Figure 4. High expression of the IgG metagene is associated with better clinical outcome in triple negative breast cancer (TNBC). Kaplan–Meier analysis of survival outcomes in TNBC in women with high vs. low expression of the IgG metagene, comprising 16 IgG genes and CXCL8. (A) Disease-free survival; (B) overall survival.

TABLE 5
www.frontiersin.org

Table 5. Multivariate analysis of expression level of IgG genes and survival outcomes in TNBC patients (after adjustment for for tumor size, grade, age and lymph node status).

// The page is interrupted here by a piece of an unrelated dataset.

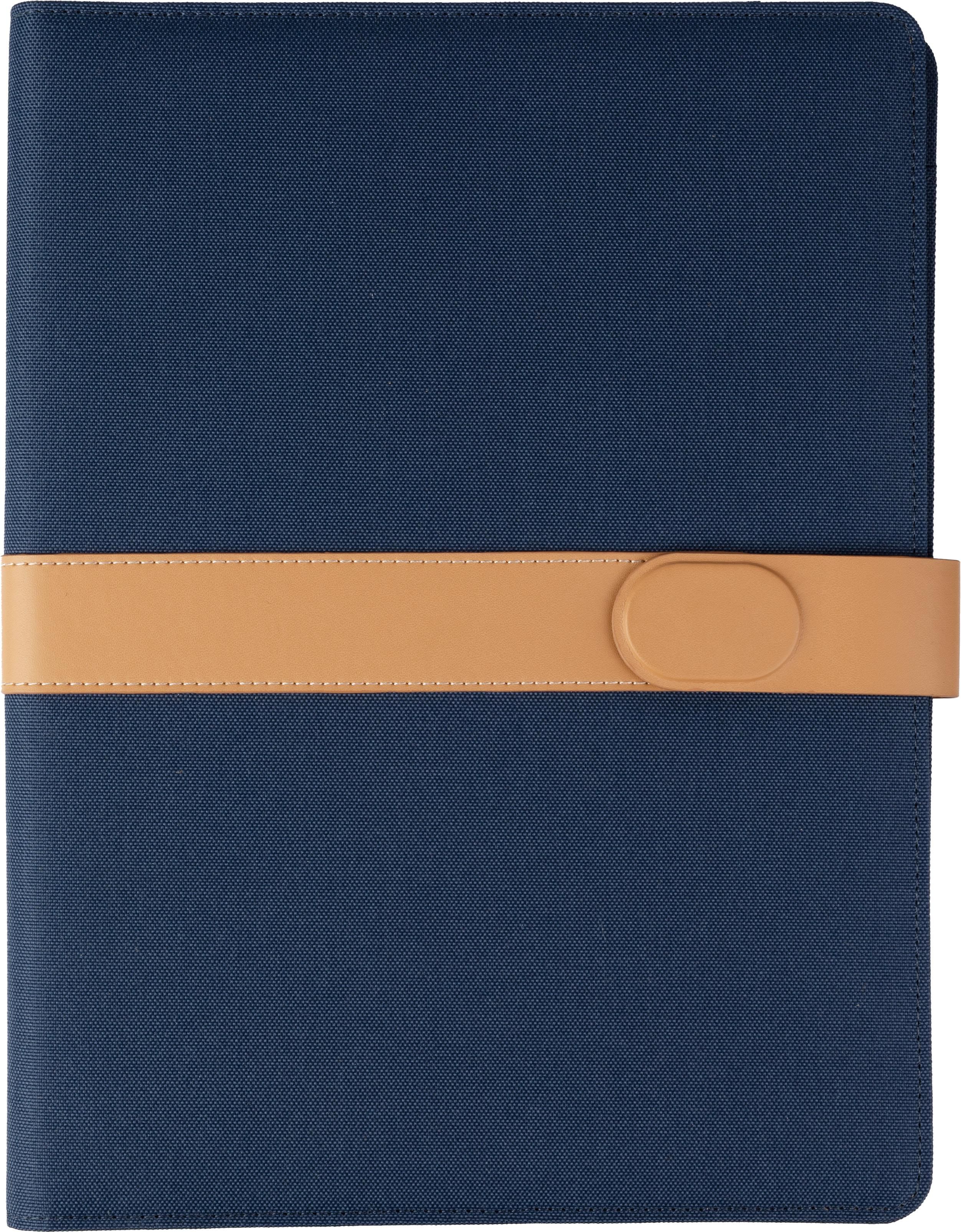 Conférencier A4 en rPET et PU avec fermeture magnétique muni de plusieurs compartiments, livré avec bloc-notes de 20 feuilles lignées, sans stylo, dans une boîte cadeau kraft.

Intratumoral CD38+ Plasma Cell Density and IgG Gene Expression Add Significant Prognostic Power to Classical Clinicopathological Parameters

To test the prognostic power of the B cell/plasma cell-related measures reported here, we evaluated the impact of incorporating their effects into survival outcome analysis with a panel of traditional clinicopathological features (patient age, tumor grade, tumor size, and lymph node status). As shown in Table 6, the additional assessment of intratumoral CD38+ plasma cell density with clinicopathological features significantly increased the prognostic value for both DFS (ΔLRχ2 = 17.28, p = 1.71E−08) and OS (ΔLRχ2 = 10.03, p = 6.32E−08), compared to clinicopathological features alone. Of the three genes tested (IGKC, IGHM, and IGHG1), IGHG1 conferred the highest added prognostic value for both DFS (ΔLRχ2 = 21.99, p = 1.88E−09) and OS (ΔLRχ2 = 16.23, p = 3.47E−09). Adding expression level of IgG metagene (Table S7 in Supplementary Material) also increased the prognostic value compared to clinicopathological features alone (DFS: ΔLRχ2 = 7.74, p = 1.43E−06; OS: ΔLRχ2 = 6.12, p = 3.89E−07). The best combination was achieved by integrating intratumoral CD38+ plasma cell density and IGHG1 which conferred the best added prognostic value for DFS (ΔLRχ2 = 27.38, p = 5.22E−10) and OS (ΔLRχ2 = 21.29, p = 1.03E−08).

TABLE 6
www.frontiersin.org

Table 6. Table showing the change in the log-likelihood of the models with added prognostic terms.

Discussion

While the significance of tumor-infiltrating T cells in breast cancer is well accepted, this is the first study to our knowledge, to provide evidence for a critical role of both B cells and plasma cells in TNBC. Here, we demonstrated that intratumoral CD38+ plasma cell density is an independent and incremental prognostic marker, even after adjusting for patient age, tumor grade, tumor size, lymph node status, and the density of tumor-infiltrating CD3+ T cells and CD20+ B cells. We also report that higher expression level of a panel of IgG genes also predicted better clinical outcome in TNBC patients, supporting a previous publication (44).

Much of the work on B cells and plasma cells in breast cancer has been at the molecular level. Some studies provide evidence that high expression of a B cell/plasma cell metagene is associated with favorable prognosis in breast cancers (4346); others propose that expression level of IGKC alone has equivalent predictive and prognostic value (46). In our hand, expression of IGHG1, and not IGKC, offered the most significant increases in prognostic value compared to classical clinicopathological parameters alone. Intriguingly, expression level of a subset of the 60-gene B cell/plasma cell metagene is associated with worse prognosis in various cancer types that are reported (43, 67, 68), including the finding that expression of IGHG1 may be linked with tumor cell proliferation and immune evasion in pancreatic, lung, and breast cancer cell lines (6972). These data may imply that B cells or plasma cells could assume pro-tumoral roles under certain conditions; however, the factors driving the emergence of this putative pathologic phenotype and the roles played by B cells and plasma cells in these circumstances have yet to be revealed. Of note, studying the IGHG1 expression may also be valuable if the setting allowed molecular testing such as quantitative polymerase chain reaction (Table 6). We have performed a parallel set of immunohistochemical stains using CD138 for plasma cells in our cohort. CD38 expression in the plasma cells moderately correlated with CD138 in our patient cohort (R = 0.39, p < 0.0001). Although CD138 has been proposed to also be a plasma cells marker (73), it is widely known that many types of tumor cells can express CD138 including breast cancer (5457). Since we also observed CD138 strong staining in tumor cells of our TNBC cohort, we did not pursue it further.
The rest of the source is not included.